Wednesday, May 19, 2010

Aspects as a programming aid

I have recently been playing around with Aspect Oriented Programming, specifically AspectJ, as a tool for Java development. Like many Java programmers, I played around with AOP what it was going through the hype cycle in 2002 and 2003. Since then, it seems that the use of Aspects as a production-level tool is on the rise, even if its use is indirect such as in a JEE container like Spring or framework like Spring Roo.

The initial idea of Aspects sounds cool: you can weave in code that queries the dynamically created abstract syntax tree of a Java application intercepting method calls and injection new functionality. Your aspects are modular, they are reused by your pattern-matching based application (interception), and you don't have to touch (pollute) your Java source. The coolness wears off when you realize your pattern matching queries are limited to high-order abstractions like packages, classes and methods, and that the ability to play with the actual code and context that you intercept is practically not available.

I had been tinkering with some tracing aspects on and off for the last month or two, but with no real enthusiasm. The other day I listened to a podcast on AspectJ and Spring AOP with Ramnivas Laddad, the author of AspectJ in Action. The podcast got me excited again, and I realized that it may in fact be directly useful to help with some sticky race condition bugs on which I've been burning brain cycles.

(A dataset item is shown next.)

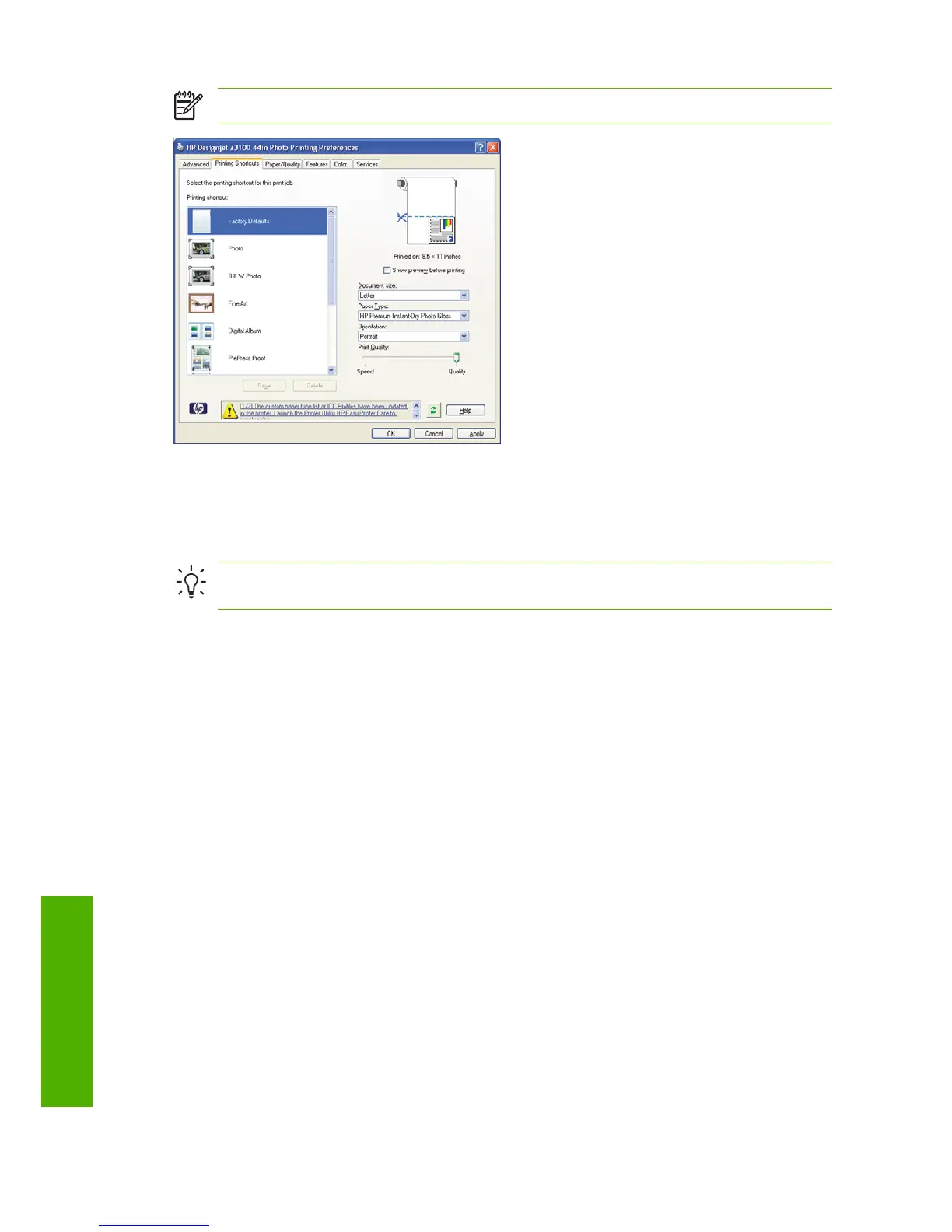 You can see a list of available shortcuts; select the one that matches the kind of job you want to print.

One aspect in particular that I'm sure others will find useful is a tracer that will detect violations of the 'single thread rule' in Swing. Specifically, those cases when threads other than the Event Dispatch Thread are touching swing objects. See below for a snippet I've been playing around with, based on a code example provided by Anders Prisak in Using AspectJ to detect violations of the Swing single thread rule. Alexander Potochkin provides some additional details in Debugging Swing, the final summary.



The cases the aspect catches are crude, but provide a good starting point for digging around. I use Eclipse with the AspectJ Eclipse plug-in AJDT. In such a configuration, simply configure your existing Swing project as an AspectJ project, drop in the aspect into the default package and run your application to see all the violations printed to stdout. See the AspectJ docs for additional details for weaving the aspect under other circumstances.

Progress has been good, although the subtle and creative use of the syntax may take some time to master. Some resource I found useful to grep while hacking together some tracing aspects included the The AspectJ Programming GuideThe AspectJ 5 Development Kit Developer's Notebook, and the AspectJ FAQ.